Start of DATASET SECTION

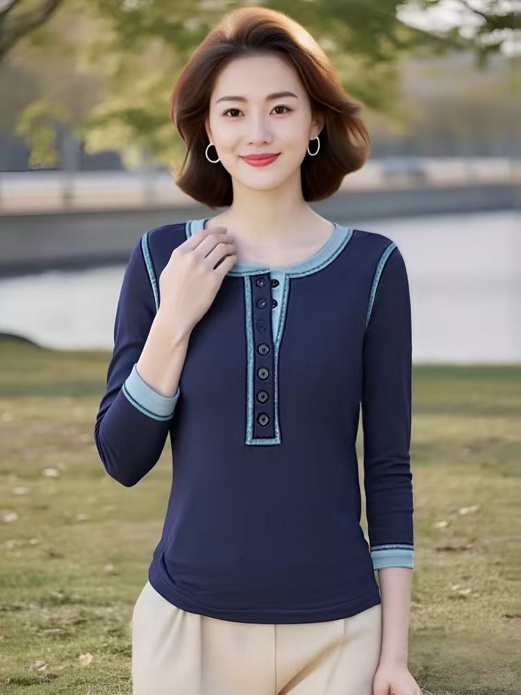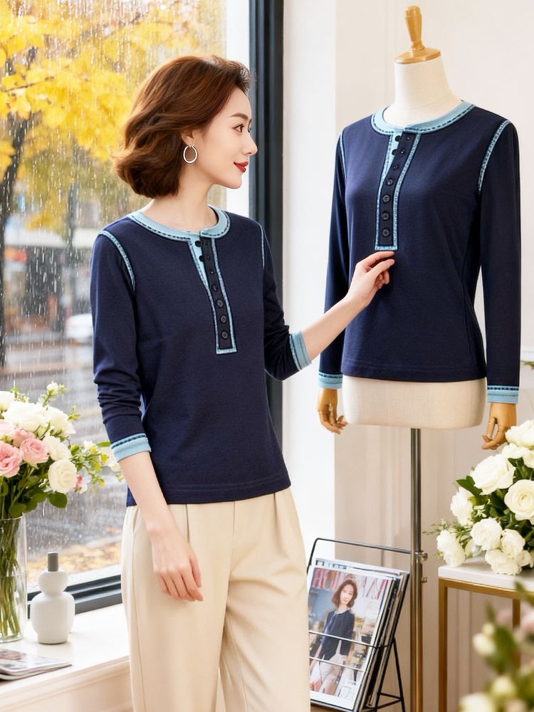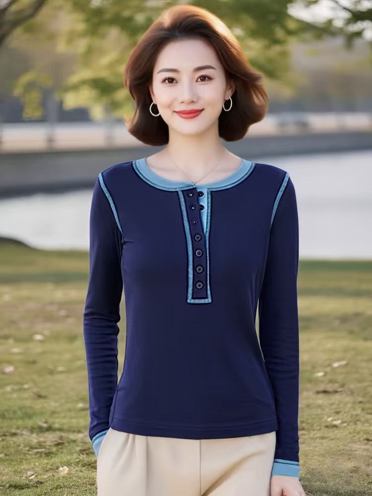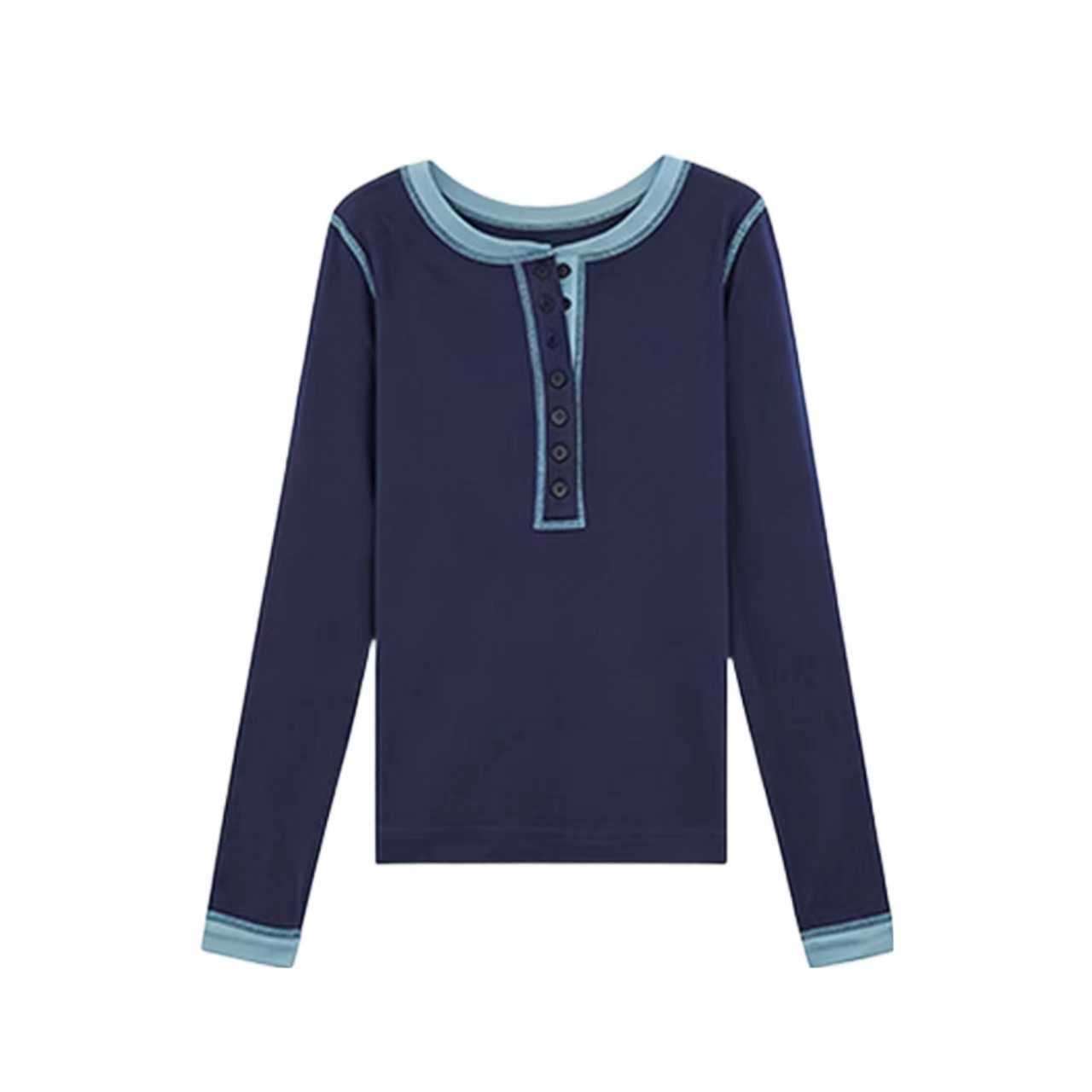 FA44152# 欧货撞色春秋新款内搭打底衫上衣潮圆领显瘦修身半开领长袖T恤女 服裝批發女裝批發服飾貨源
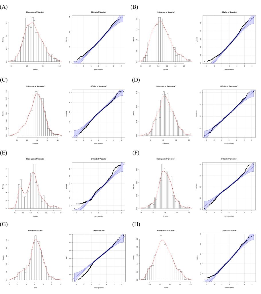 Figure 1. Histogram and quantile-quantile plot of taste-active compound data. (A) Alanine, (B) Leucine, (C) Anserine, (D) Carnosine, (E) Acetate, (F) Creatine, (G) Inosine 5*-monophosphate (IMP) (H) Inosine.
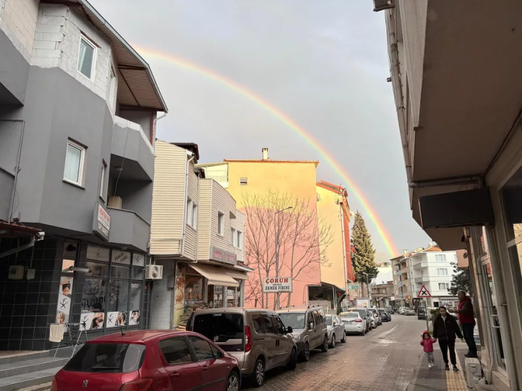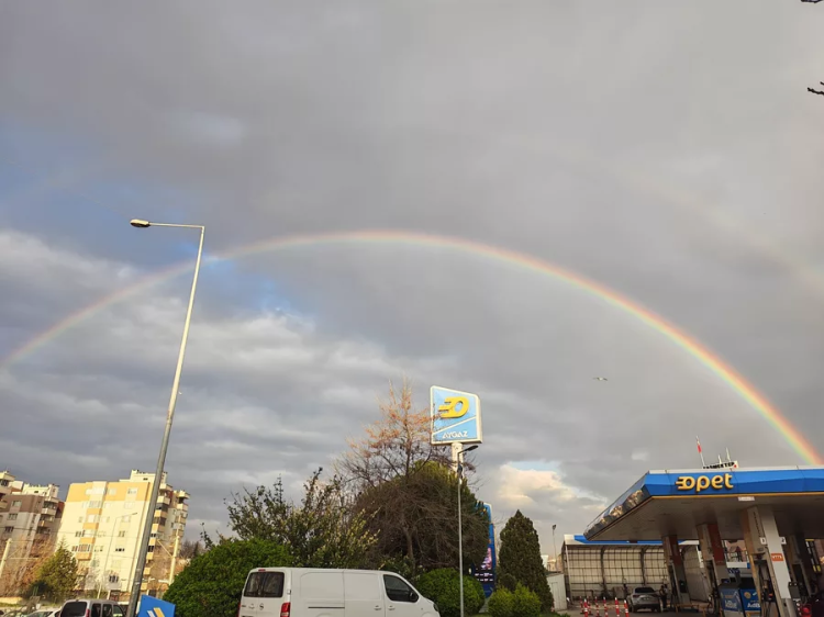 Bursa'da akşam saatlerine doğru başlayan yağmurla birlikte gökyüzünde gökkuşağı oluştu. Aniden ortaya çıkan renkli manzara, güzelliği ile dikkat çekti.

End of DATASET SECTION

> **YOUR ASSIGNMENT**: All the lines above are to be given again exactly as they read, with the pictures removed.

> **SOLUTION FOR THIS PROBLEM**:
 FA44152# 欧货撞色春秋新款内搭打底衫上衣潮圆领显瘦修身半开领长袖T恤女 服裝批發女裝批發服飾貨源
 Figure 1. Histogram and quantile-quantile plot of taste-active compound data. (A) Alanine, (B) Leucine, (C) Anserine, (D) Carnosine, (E) Acetate, (F) Creatine, (G) Inosine 5*-monophosphate (IMP) (H) Inosine.
 Bursa'da akşam saatlerine doğru başlayan yağmurla birlikte gökyüzünde gökkuşağı oluştu. Aniden ortaya çıkan renkli manzara, güzelliği ile dikkat çekti.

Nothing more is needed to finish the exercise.